Unfortunately the full catalogue of Warpspawn is no longer available. A total of five Yahoo Groups and Google Groups existed for hosting some of the files, and both those sites are long gone now. Some fan-made(!) materials posted by others are also no longer available or can only be found via archive.org.
In short this was yet another deep rabbithole of early www for me to get lost into. I can't imagine something like Warpspawn happening in 2022. If someone tried something like that now it would be all based on trying to farm clicks and crowdfunding and advertisments.
If the games are any good? I have no idea. But I like the primitive graphics, for those games where there even are graphics. It is all extremely lo-fi in a good way. Most games are just plain text in simple HTML documents. I piped all the rules through lynx -dump to get actual plain text text files and you can't beat the readability of that. Something like Warpspawn would be perfect to host om Geminispace, rulebooks as gemtext and a few image-links when necessary. Definitely putting some of their solo games on my to-play list. Maybe there are some games for more than one player that I can find an opponent for as well some day.
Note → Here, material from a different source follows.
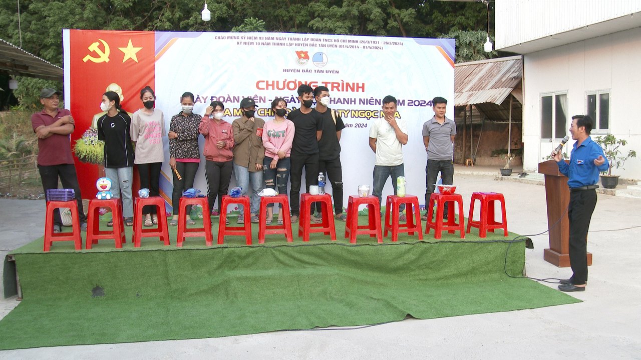 Sáng ngày 23/3, tại Công ty gỗ Ngọc Nga xã Tân Mỹ, Huyện Đoàn Bắc Tân Uyên phối hợp Đảng ủy, BTC Đề án Đoàn kết tập hợp TNCN xã Tân Mỹ tổ chức Ngày đoàn viên – Ngày hội thanh niên công nhân năm 2024 và ra mắt chi đoàn Công ty gỗ Ngọc Nga. Tham dự Ngày hội có đồng chí Đỗ Ngọc Lợi - Bí thư huyện đoàn; đồng chí Lê Thị Hồng Hoa - Chuyên viên Ban tổ chức huyện ủy; đồng chí Thái Hồ Tuyết Minh - Phó Bí thư Đảng ủy xã Tân Mỹ; Đại diện Công ty gỗ Ngọc Nga, cùng đại diện lãnh đạo ban, ngành đoàn thể xã và gần 50 đoàn viên thanh niên.

Warpspawn: The Ultimate Toybox (BGG geeklist)
Lloyd Krassner also contributed to most issues of the CounterMoves Zine, a free online zine about games ("Small Games For Big Fun"; editor in chief a Tom Higgins) published 2001-2004. Six issues in total from what I can tell. Each issue contained a free game using the "CounterMoves Generic Microgame Engine (CGME)", dedicated to the public domain. The magazines themselves were published under the GNU Free Documentation License, later one of the more restrictive Creative Commons licenses (CC-BY-ND-NC, I think). It looks very much like Warpspawn, but not sure if the zine is connected to the publisher in other ways than that Krassner was involved. I suspect others were also involved in both projects and that the games included in the zine are related to the games published by Warpspawn.